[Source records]
+===+

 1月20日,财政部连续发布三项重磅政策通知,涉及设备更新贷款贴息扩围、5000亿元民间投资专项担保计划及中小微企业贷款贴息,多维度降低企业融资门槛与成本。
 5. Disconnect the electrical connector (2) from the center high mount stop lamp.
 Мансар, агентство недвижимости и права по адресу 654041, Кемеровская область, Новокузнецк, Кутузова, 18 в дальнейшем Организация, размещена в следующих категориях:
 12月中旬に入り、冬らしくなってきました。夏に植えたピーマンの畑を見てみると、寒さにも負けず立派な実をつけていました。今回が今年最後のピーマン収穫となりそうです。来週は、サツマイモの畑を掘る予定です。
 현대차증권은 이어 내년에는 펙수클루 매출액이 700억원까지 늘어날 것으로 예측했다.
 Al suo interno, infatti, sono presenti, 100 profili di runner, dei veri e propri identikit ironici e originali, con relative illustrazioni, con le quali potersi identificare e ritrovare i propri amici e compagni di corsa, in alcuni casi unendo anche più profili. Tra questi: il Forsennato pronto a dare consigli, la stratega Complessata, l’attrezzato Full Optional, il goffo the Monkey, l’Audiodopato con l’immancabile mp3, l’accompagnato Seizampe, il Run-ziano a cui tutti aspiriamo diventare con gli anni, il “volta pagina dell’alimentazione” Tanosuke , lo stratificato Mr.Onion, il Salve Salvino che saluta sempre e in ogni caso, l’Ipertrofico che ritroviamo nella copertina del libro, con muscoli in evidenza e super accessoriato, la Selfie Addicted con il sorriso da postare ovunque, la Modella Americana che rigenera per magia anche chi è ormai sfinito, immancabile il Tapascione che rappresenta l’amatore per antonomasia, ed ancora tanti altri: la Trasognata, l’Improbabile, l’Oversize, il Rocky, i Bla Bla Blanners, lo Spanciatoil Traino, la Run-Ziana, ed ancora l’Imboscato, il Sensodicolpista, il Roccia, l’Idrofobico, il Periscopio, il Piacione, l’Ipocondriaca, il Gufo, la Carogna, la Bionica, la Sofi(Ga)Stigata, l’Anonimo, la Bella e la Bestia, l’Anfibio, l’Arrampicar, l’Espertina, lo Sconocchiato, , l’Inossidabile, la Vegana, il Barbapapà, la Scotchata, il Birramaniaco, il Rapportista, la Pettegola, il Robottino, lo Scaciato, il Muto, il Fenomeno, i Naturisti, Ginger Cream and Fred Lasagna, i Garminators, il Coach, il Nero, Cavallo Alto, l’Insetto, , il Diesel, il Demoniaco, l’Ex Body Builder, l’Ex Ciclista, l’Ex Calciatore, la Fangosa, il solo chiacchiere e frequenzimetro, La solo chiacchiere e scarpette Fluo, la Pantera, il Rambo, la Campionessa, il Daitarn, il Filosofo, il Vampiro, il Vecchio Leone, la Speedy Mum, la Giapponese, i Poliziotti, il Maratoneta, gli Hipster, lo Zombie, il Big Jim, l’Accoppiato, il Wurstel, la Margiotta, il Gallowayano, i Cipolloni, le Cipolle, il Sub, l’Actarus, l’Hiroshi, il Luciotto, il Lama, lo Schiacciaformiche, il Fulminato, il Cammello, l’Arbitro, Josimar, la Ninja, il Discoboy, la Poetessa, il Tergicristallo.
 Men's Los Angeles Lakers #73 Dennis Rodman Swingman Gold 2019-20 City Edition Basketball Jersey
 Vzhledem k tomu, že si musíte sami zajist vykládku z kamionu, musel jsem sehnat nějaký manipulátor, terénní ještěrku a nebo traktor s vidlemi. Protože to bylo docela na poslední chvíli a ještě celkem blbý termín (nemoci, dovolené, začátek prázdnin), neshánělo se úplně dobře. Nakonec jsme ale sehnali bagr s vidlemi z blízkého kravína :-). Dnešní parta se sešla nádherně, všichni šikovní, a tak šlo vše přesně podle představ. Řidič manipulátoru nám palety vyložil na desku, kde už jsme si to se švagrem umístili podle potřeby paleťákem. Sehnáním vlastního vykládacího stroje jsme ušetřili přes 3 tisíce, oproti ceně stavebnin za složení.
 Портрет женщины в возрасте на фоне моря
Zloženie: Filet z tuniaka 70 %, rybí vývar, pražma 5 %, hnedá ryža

+===+

Begin at the first line of the records above and restate each line word for word, stopping after the line with "현대차증권은 이어 내년에는".

 1月20日,财政部连续发布三项重磅政策通知,涉及设备更新贷款贴息扩围、5000亿元民间投资专项担保计划及中小微企业贷款贴息,多维度降低企业融资门槛与成本。
 5. Disconnect the electrical connector (2) from the center high mount stop lamp.
 Мансар, агентство недвижимости и права по адресу 654041, Кемеровская область, Новокузнецк, Кутузова, 18 в дальнейшем Организация, размещена в следующих категориях:
 12月中旬に入り、冬らしくなってきました。夏に植えたピーマンの畑を見てみると、寒さにも負けず立派な実をつけていました。今回が今年最後のピーマン収穫となりそうです。来週は、サツマイモの畑を掘る予定です。
 현대차증권은 이어 내년에는 펙수클루 매출액이 700억원까지 늘어날 것으로 예측했다.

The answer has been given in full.